**Work instructions**: The answer must be an exact copy of the lines from the top of the listing below through the line with "열람중 [프리미어리그] 12월16일", with no pictures.

==== Collected data

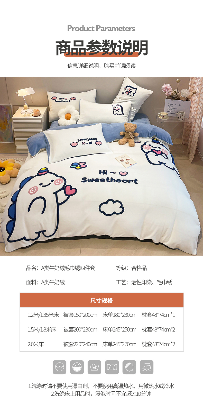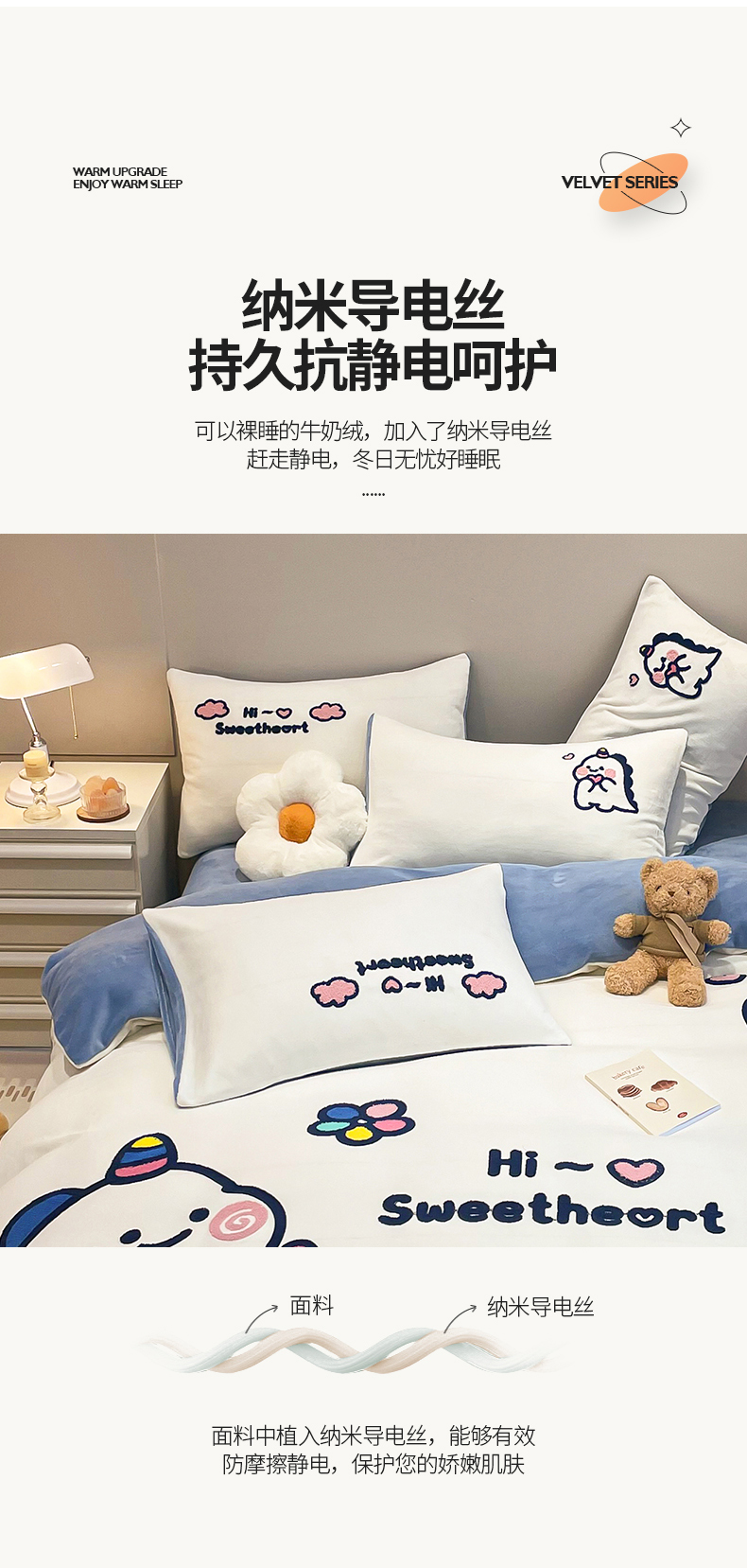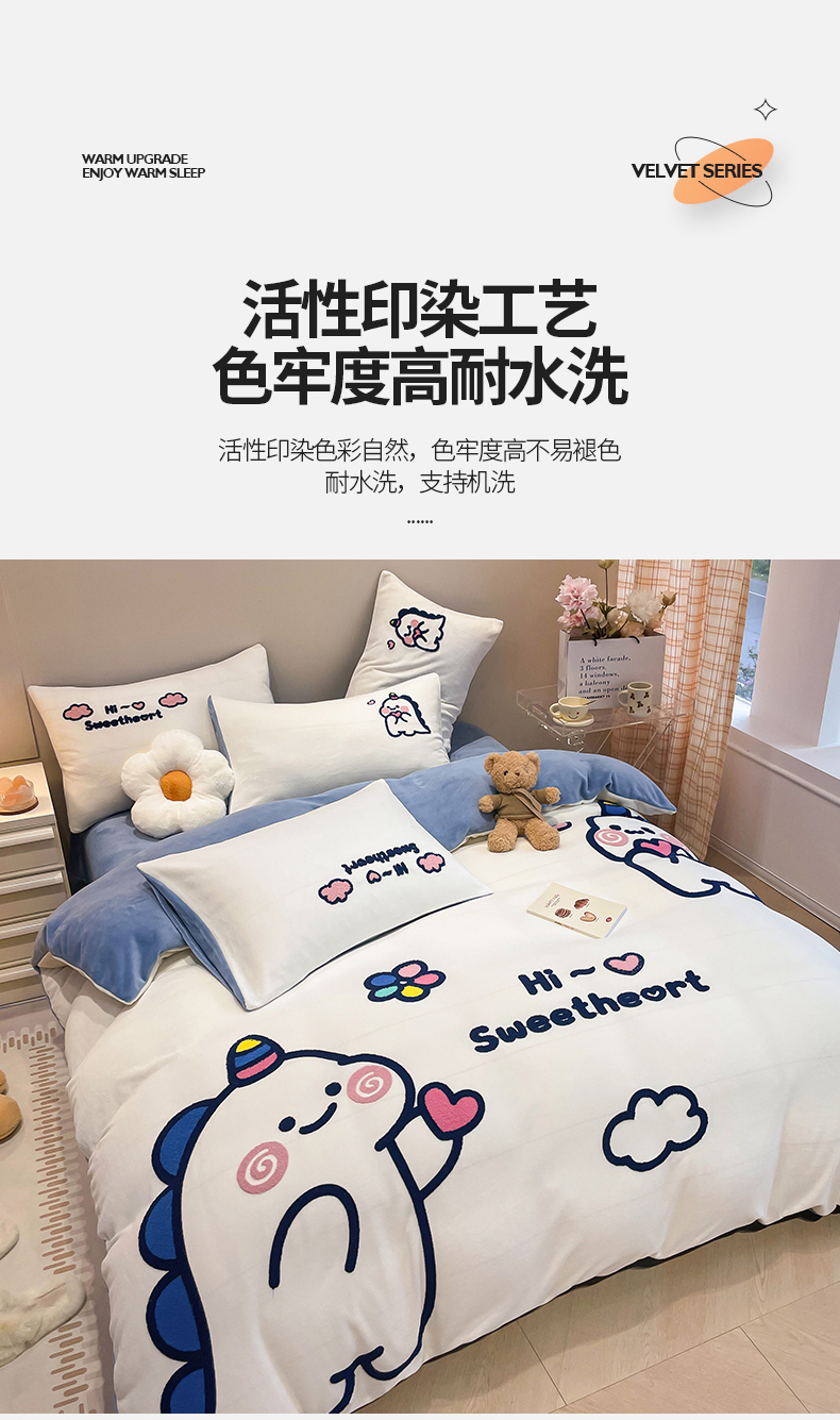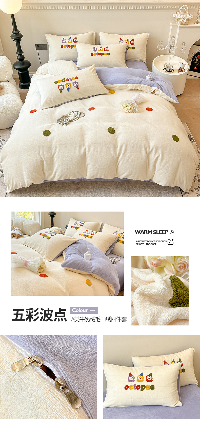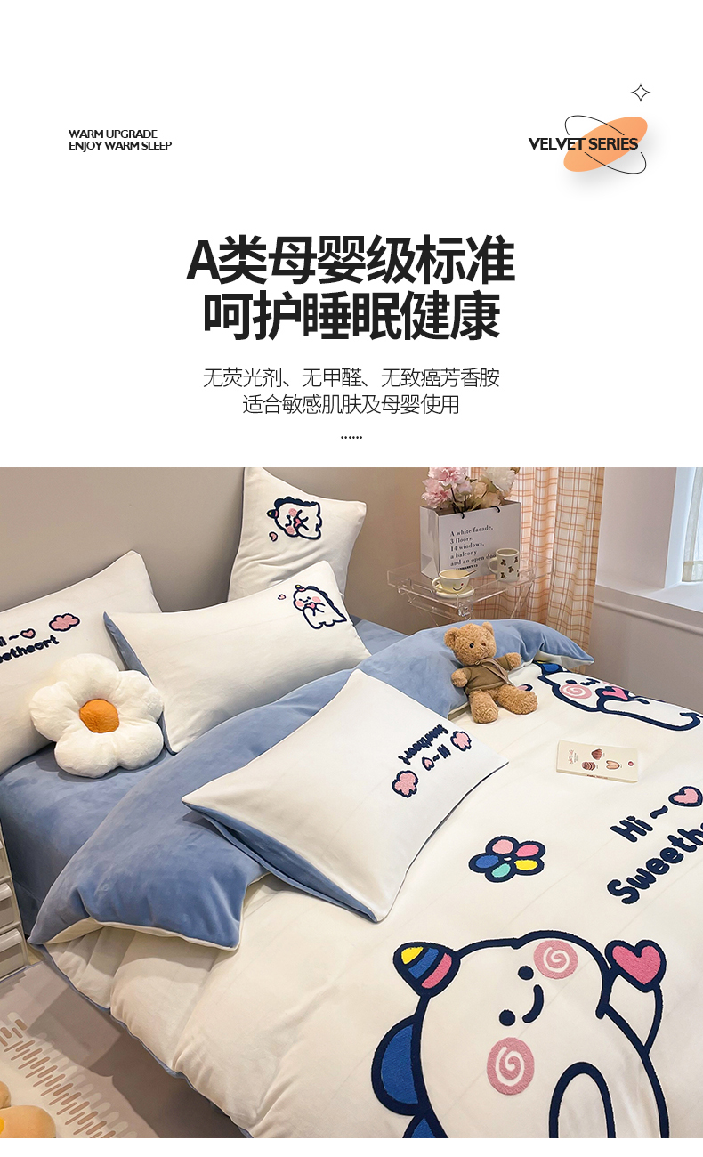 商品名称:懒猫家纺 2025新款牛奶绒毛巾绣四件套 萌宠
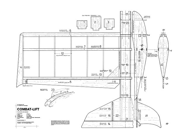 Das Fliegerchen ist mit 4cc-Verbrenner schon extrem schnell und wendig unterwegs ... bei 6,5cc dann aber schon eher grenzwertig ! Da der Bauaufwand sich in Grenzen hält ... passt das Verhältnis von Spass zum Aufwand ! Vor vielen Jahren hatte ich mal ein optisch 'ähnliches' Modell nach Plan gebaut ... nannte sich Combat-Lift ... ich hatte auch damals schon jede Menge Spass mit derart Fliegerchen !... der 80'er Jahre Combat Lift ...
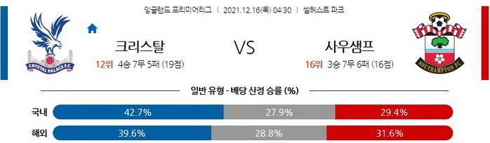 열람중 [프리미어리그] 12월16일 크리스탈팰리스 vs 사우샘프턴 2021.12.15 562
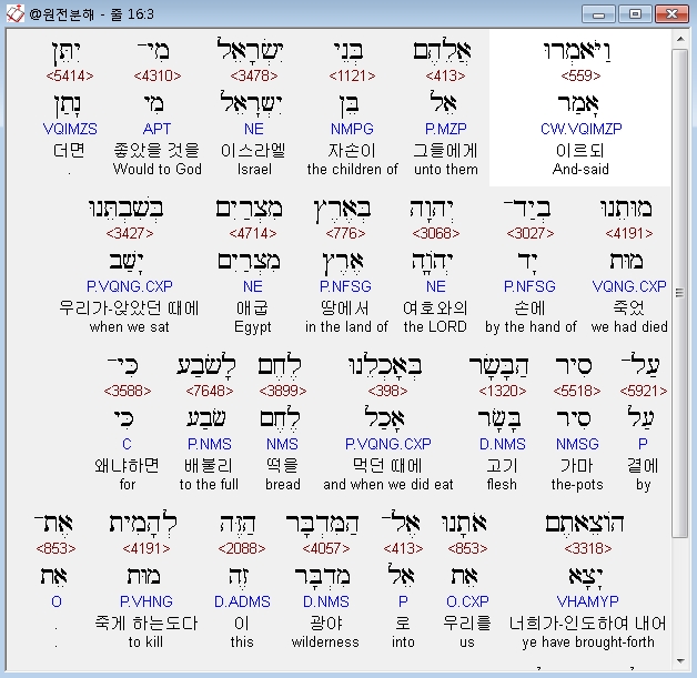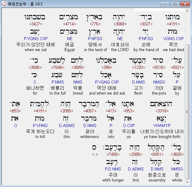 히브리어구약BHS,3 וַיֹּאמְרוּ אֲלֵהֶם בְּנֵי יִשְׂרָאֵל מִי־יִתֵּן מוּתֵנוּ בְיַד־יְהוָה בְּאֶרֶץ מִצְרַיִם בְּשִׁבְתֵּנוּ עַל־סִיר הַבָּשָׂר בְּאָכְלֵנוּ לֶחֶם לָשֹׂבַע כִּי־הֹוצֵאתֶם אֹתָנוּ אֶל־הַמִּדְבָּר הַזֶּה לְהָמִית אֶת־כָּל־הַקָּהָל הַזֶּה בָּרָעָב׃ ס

========

**Response to this exercise**:
 商品名称:懒猫家纺 2025新款牛奶绒毛巾绣四件套 萌宠
 Das Fliegerchen ist mit 4cc-Verbrenner schon extrem schnell und wendig unterwegs ... bei 6,5cc dann aber schon eher grenzwertig ! Da der Bauaufwand sich in Grenzen hält ... passt das Verhältnis von Spass zum Aufwand ! Vor vielen Jahren hatte ich mal ein optisch 'ähnliches' Modell nach Plan gebaut ... nannte sich Combat-Lift ... ich hatte auch damals schon jede Menge Spass mit derart Fliegerchen !... der 80'er Jahre Combat Lift ...
 열람중 [프리미어리그] 12월16일 크리스탈팰리스 vs 사우샘프턴 2021.12.15 562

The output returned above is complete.